Monday, 4 April 2016

Midnight Special

It must be the season for movies about people with potentially catastrophic superpowers being seen as either a saviour or a weapon depending on your point of view; fortunately for Midnight Special, it's directed by Jeff Nichols instead of Zack Snyder, thereby rendering it several million percent more watchable than Batman v Superman. It doesn't have Hans Zimmer's Wonder Woman theme in it though, so I guess you can't have everything.
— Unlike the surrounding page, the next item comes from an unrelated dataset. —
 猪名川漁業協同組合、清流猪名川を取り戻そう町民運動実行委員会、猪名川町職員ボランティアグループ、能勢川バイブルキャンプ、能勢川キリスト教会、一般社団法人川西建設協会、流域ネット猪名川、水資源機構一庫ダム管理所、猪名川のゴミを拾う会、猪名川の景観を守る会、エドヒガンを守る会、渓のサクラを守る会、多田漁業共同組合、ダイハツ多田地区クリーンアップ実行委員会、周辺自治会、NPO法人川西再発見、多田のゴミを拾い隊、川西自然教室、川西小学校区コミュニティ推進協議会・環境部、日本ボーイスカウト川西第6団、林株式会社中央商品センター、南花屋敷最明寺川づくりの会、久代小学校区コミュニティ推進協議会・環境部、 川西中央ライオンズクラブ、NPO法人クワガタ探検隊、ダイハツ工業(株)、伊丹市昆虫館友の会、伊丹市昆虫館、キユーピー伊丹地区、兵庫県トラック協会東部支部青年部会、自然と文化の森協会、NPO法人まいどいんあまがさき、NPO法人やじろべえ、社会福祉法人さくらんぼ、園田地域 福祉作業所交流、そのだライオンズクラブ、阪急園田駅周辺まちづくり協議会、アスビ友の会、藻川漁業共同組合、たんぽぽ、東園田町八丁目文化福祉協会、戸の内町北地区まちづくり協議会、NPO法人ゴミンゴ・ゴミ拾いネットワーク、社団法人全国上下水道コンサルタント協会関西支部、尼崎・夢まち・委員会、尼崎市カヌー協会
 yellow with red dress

Despite those superficial similarities, Midnight Special is nothing like a superhero film. It's a fairly self-contained and muted affair about Alton, a boy with initially unspecified but frankly alarming issues, who's been held captive by a mad religious sect until his pop Roy (Michael Shannon) breaks him out. The clock's ticking though: for reasons best not divulged here, there are just four days for the cult to snatch Alton back, and the same amount of time for Roy to get him to safety, before... well. Before something.
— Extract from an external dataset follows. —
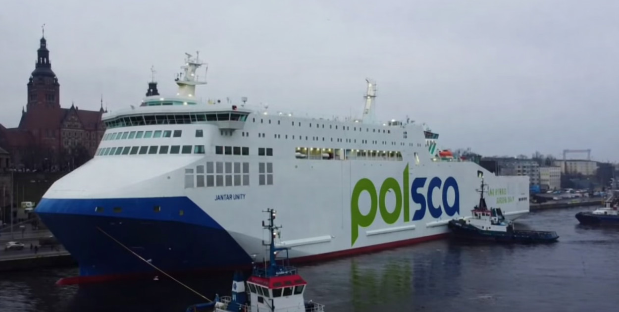 Prom Jantar Unity zacumował przy Wałach Chrobrego w Szczecinie. Wybudowany w stoczni w Gdańsku, to obecnie najnowocześniejsza jednostka pasażersko-samochodowa (typu Ro-Pax) operująca na Bałtyku. Choć formalnie należy do spółki zarejestrowanej na Cyprze, jego powstanie jest bezpośrednim efektem programu budowy polskich promów POLSCA Baltic Ferries, przyjętego przez rząd Prawa i Sprawiedliwości i realizowanego dla polskich armatorów.
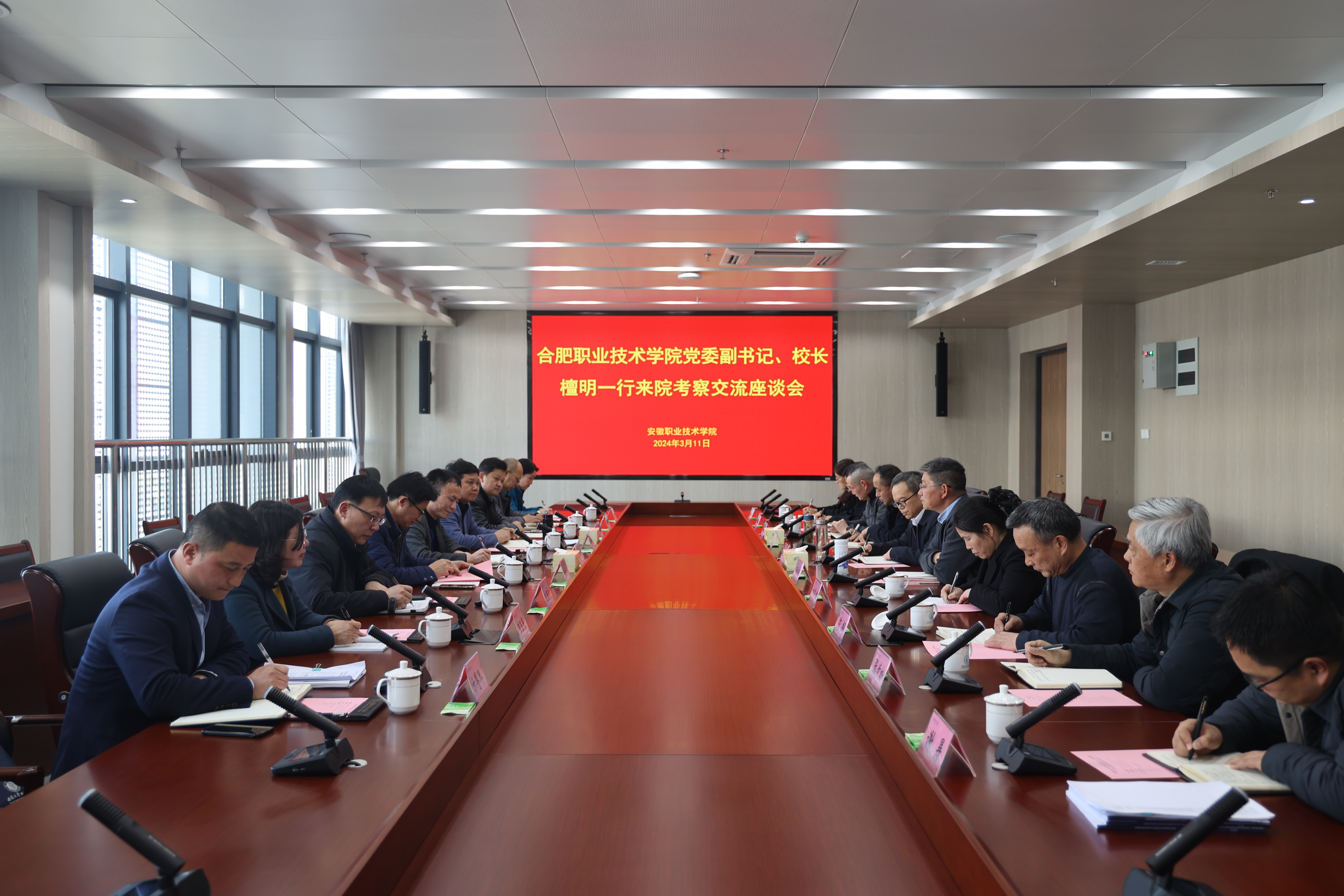 为更好学习安徽职业技术学院在创建职教本科工作中的好经验、好做法,3月11日,AC米兰官网党委副书记、校长檀明带领相关职能部门负责人一行赴安徽职业技术学院开展考察并座谈交流,安徽职业技术学院党委副书记、校长盛鹏,副校长杨林国热情接待AC米兰官网一行。

Nichols' film is a low-key mood piece, in a similar vein to the bits of Looper set at Emily Blunt's farm. In fact if Looper had been told entirely from that scary little brat's POV, the result wouldn't be far from Midnight Special. But it's not Rian Johnson that Nichols is channeling the most here: there's another huge presence looming over proceedings, and that presence has a beard and wears a baseball cap and is married to Kate Capshaw. OK fine, it's Spielberg. I'm talking about Steven Spielberg.
Specifically, though quite possibly coincidentally, Nichols appears to be homaging The Berg's early career: the cross-country chase evokes The Sugarland Express, there's an otherworldly Close Encounters vibe going on, and E.T.'s military pursuit of that which they do not fully understand also figures strongly. It's a darker shade of Amblinism for the most part, unshowy and stripped of its trademark sentimentality, although Nichols can't resist throwing in dazzling shafts of white light and dysfunctional parents just to be sure of a full house in his game of Spielbingo.
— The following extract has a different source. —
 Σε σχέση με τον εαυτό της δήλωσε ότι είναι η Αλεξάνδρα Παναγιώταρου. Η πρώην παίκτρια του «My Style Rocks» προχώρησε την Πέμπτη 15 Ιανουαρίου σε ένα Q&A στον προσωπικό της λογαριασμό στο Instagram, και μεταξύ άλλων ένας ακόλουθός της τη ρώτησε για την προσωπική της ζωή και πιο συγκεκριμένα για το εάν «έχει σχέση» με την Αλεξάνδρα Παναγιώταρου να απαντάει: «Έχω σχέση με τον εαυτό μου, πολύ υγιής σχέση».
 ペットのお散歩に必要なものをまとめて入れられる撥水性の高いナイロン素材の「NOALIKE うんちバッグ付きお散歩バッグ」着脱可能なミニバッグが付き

The danger of evoking these kind of touchstones, as was also apparent in JJ Abrams' Super 8, is that if the end product doesn't turn out to be one for the ages then you probably shouldn't have made the tributes so obvious. And while Midnight Special is definitely worth your while, it never quite fulfils the promise of its best scenes, in which Alton's troubling powers are revealed. The otherworldly elements here play second fiddle to a road movie which takes in Kirsten Dunst (in a fairly thankless and inconsequential role as Alton's mother) and Adam Driver as The One Good Government Guy, and while I'm all for character-based sci-fi I prefer it when the characters aren't quite as thin as they are here.

All credit to Jeff Nichols, whose output is consistently varied (if you don't count the ubiquitous Michael Shannon) and interesting; he's a director well worth watching and almost certainly has a masterpiece in him somewhere. Midnight Special isn't it, but it'll do for now.